In particular 60 per cent are worried about finding cyber experts who can effectively communicate with the business vital to ensuring that cyber threat is well understood by corporate leaders outside the IT department.

And while 60 per cent claim to have a strategy to deal with any skills gaps, it is clear that there is a short supply of people with all the relevant skills. 57 per cent agree it has become more difficult to retain staff in specialised cyber skills in the past two years. The same number say the churn rate is higher in cyber than for IT skills and 52 per cent agree there is aggressive headhunting in this field.

Furthermore, the skills gap is forcing many companies to consider turning to “poachers turned game-keepers” to keep up to speed. Over a half of respondents say they would consider using a hacker to bring inside information to their security teams. And 52 per cent would consider recruiting an expert even if they had a previous criminal record.

Serena Gonsalves-Fersch, head of KPMG’s Cyber Security Academy, said: The increasing awareness of the cyber threat means the majority of UK companies are clear on their strategy for dealing with any skills gaps. However, they wouldn’t hire pickpockets to be security guards, so the fact that companies are considering former hackers as recruits clearly shows how desperate they are to stay ahead of the game. With such an unwise choice on the menu, it’s encouraging to see other options on the table.

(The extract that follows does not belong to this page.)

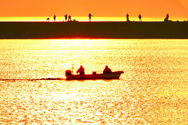 夕暮れの海光
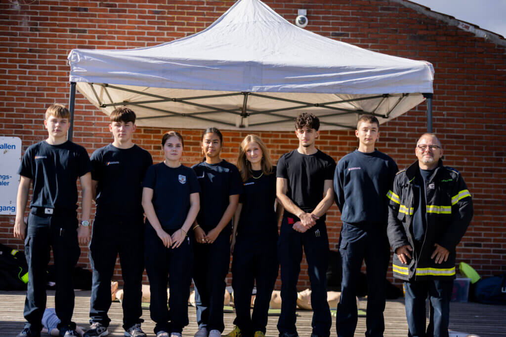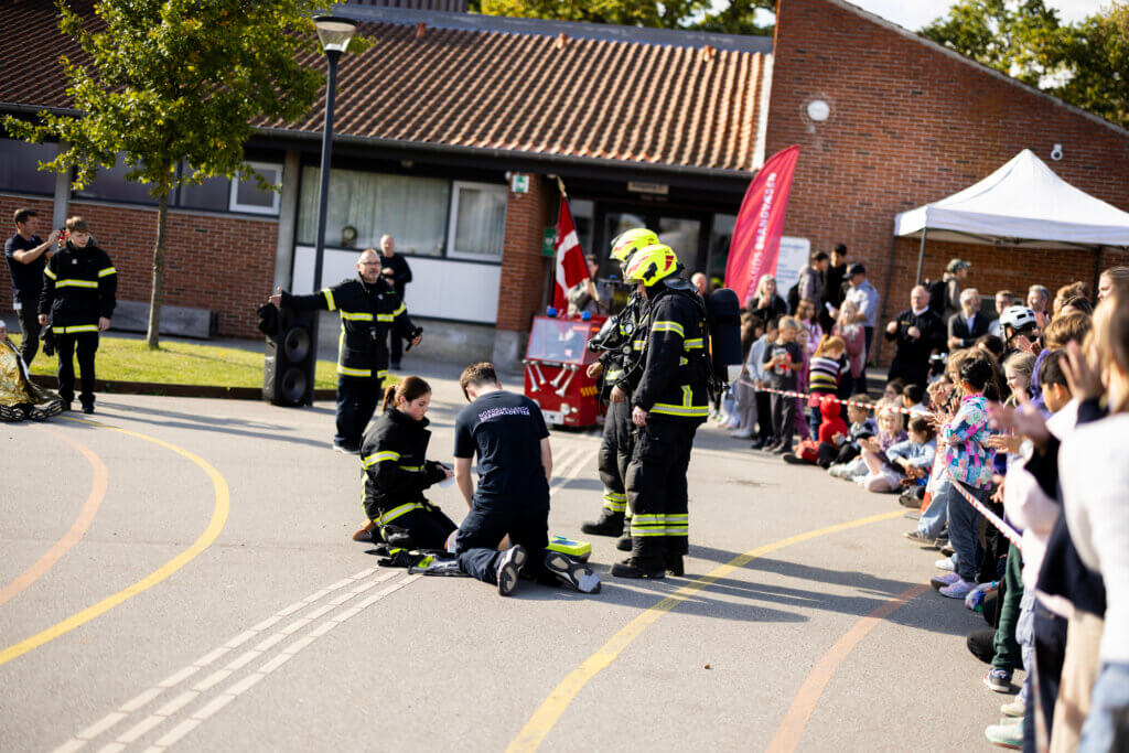 Besøget på Kokkedal Skole blev afsluttet i skolegården, hvor Nordsjællands Brandvæsens brandkadetter gav en demonstration af, hvordan de har lært at handle i en nødsituation, hvor liv og førlighed er på spil, for at være beredt handler om andet og mere end brandforebyggelse.

Rather than relying on hackers to share their secrets, or throwing money at off the shelf programmes that quickly become out of date, UK companies need to take stock of their cyber defence capabilities and act on the gaps that are specific to their own security needs. It is important to have the technical expertise, but it is just as important to translate that into the business environment in a language the senior management can understand and respond to.